- Born: March 31, 1955 (age 70)
- Citizenship: British
- Occupation: Engineer
- Known for: Formula One Engineer
- Title: Former Chief Designer

= Tim Densham =

British engineer

Tim Densham (born 31 March 1955) is a former British Formula One engineer. He was most recently the chief designer at the Renault Formula One team.

==Biography==
Densham started his career in motorsport with Team Lotus – the top team at the time – and started working at Ketteringham Hall under Colin Chapman. Densham soon was promoted to the position of race engineer, where he worked with Elio de Angelis in 1984 and Johnny Dumfries the following year.
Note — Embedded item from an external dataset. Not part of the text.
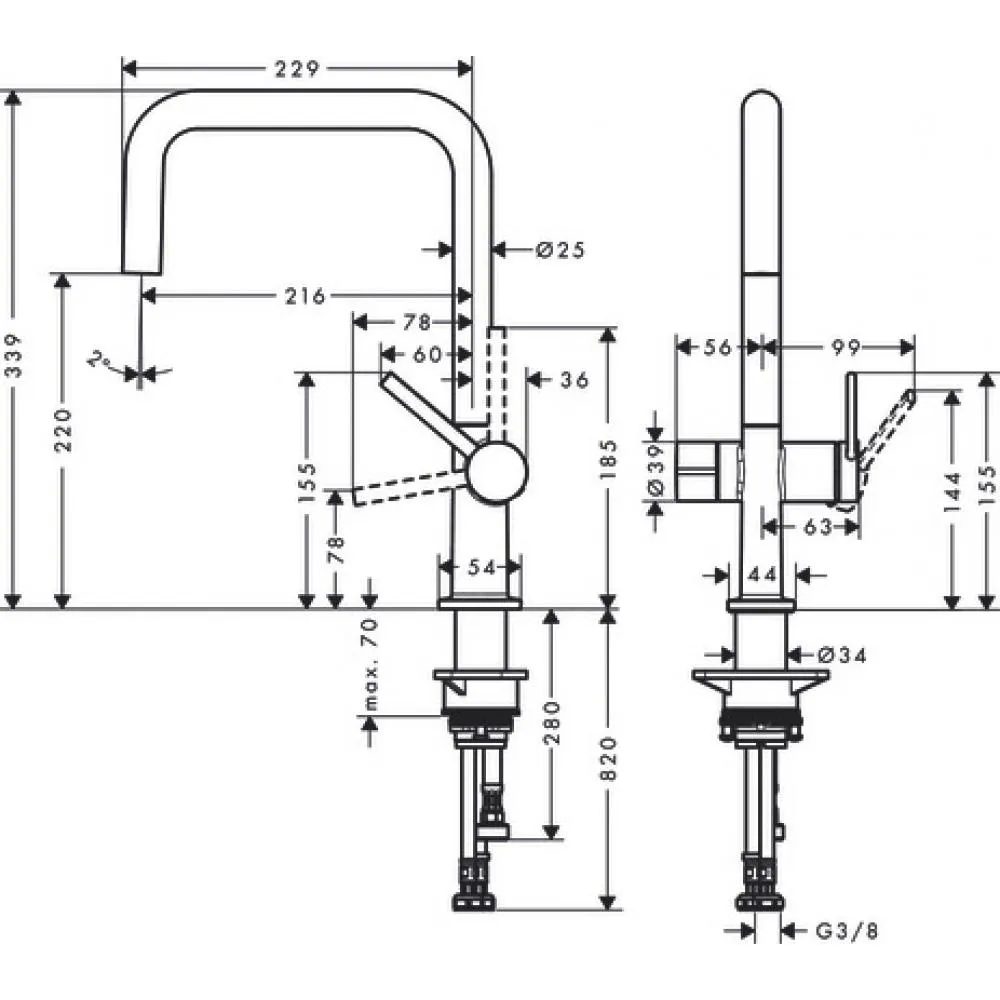 Смеситель для кухни hansgrohe Talis M54, U 220, 1jet 72807670 с запорным вентилем матовый черный

He went on to work with Satoru Nakajima when the team landed Honda engines in 1986. Away from the race tracks, he did a lot of testing work with Ayrton Senna and Nelson Piquet and eventually became assistant chief engineer in charge of Team Lotus research and development department. Team Lotus, however, was plagued with financial issues, so in 1990 Densham decided to move on and found a job with Brabham.

He worked as a designer once again and was the race engineer for Stefano Modena in 1990 and Mark Blundell in 1991. When Sergio Rinland left the team at the end of 1991 Densham was named chief designer for the BT61 project but the team went bankrupt so it closed down in the middle of the season with the new car never having been built. In late 1992 Densham joined Tyrrell as a design engineer. He was soon back on the racing team as race engineer to Andrea de Cesaris, Mark Blundell (again) and Ukyo Katayama, who he engineered in 1995 and 1996.

At the start of 1998, however, Densham decided that he no longer wanted to attend races as he had in the past and moved to the test team. In the mid-season he quietly left Tyrrell and soon afterwards began working at a secret design center in Leatherhead, Surrey, on the Honda F1 car. This was built by Dallara in Italy and ran for the first time in December with Jos Verstappen at the wheel. The death of Harvey Postlethwaite in 1999 resulted in Honda canceling the program and Densham was recruited to be chief designer at Benetton. He led the engineering department which designed the Benetton-Playlife B200 and remained with the team after it was taken over by Renault Sport.

With Renault, Densham designed cars won back to back drivers' and constructors' titles in 2005 and 2006 and were one of the most competitive teams in the mid to late 2000s. In 2011 Densham left Renault and retired from Formula One.